[Start of section]

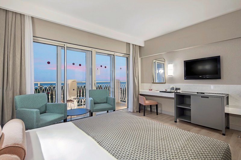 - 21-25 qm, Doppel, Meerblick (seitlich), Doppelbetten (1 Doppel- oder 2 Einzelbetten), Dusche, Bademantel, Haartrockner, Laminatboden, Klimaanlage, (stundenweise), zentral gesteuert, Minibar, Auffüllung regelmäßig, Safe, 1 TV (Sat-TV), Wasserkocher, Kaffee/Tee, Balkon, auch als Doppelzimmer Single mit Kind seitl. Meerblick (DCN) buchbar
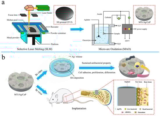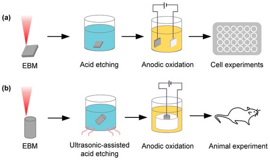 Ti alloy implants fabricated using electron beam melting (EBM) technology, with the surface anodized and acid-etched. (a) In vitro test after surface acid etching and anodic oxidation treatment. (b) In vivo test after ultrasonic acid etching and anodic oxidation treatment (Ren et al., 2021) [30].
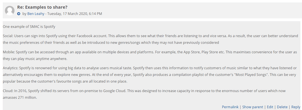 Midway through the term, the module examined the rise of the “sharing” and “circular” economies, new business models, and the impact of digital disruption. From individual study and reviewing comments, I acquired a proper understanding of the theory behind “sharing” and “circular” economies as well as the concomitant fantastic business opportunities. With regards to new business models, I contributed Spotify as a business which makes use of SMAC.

[End of section]

■ EXERCISE OBJECTIVE:
Please retype the material above exactly, and omit its images.

■ RESULT:
 - 21-25 qm, Doppel, Meerblick (seitlich), Doppelbetten (1 Doppel- oder 2 Einzelbetten), Dusche, Bademantel, Haartrockner, Laminatboden, Klimaanlage, (stundenweise), zentral gesteuert, Minibar, Auffüllung regelmäßig, Safe, 1 TV (Sat-TV), Wasserkocher, Kaffee/Tee, Balkon, auch als Doppelzimmer Single mit Kind seitl. Meerblick (DCN) buchbar
 Ti alloy implants fabricated using electron beam melting (EBM) technology, with the surface anodized and acid-etched. (a) In vitro test after surface acid etching and anodic oxidation treatment. (b) In vivo test after ultrasonic acid etching and anodic oxidation treatment (Ren et al., 2021) [30].
 Midway through the term, the module examined the rise of the “sharing” and “circular” economies, new business models, and the impact of digital disruption. From individual study and reviewing comments, I acquired a proper understanding of the theory behind “sharing” and “circular” economies as well as the concomitant fantastic business opportunities. With regards to new business models, I contributed Spotify as a business which makes use of SMAC.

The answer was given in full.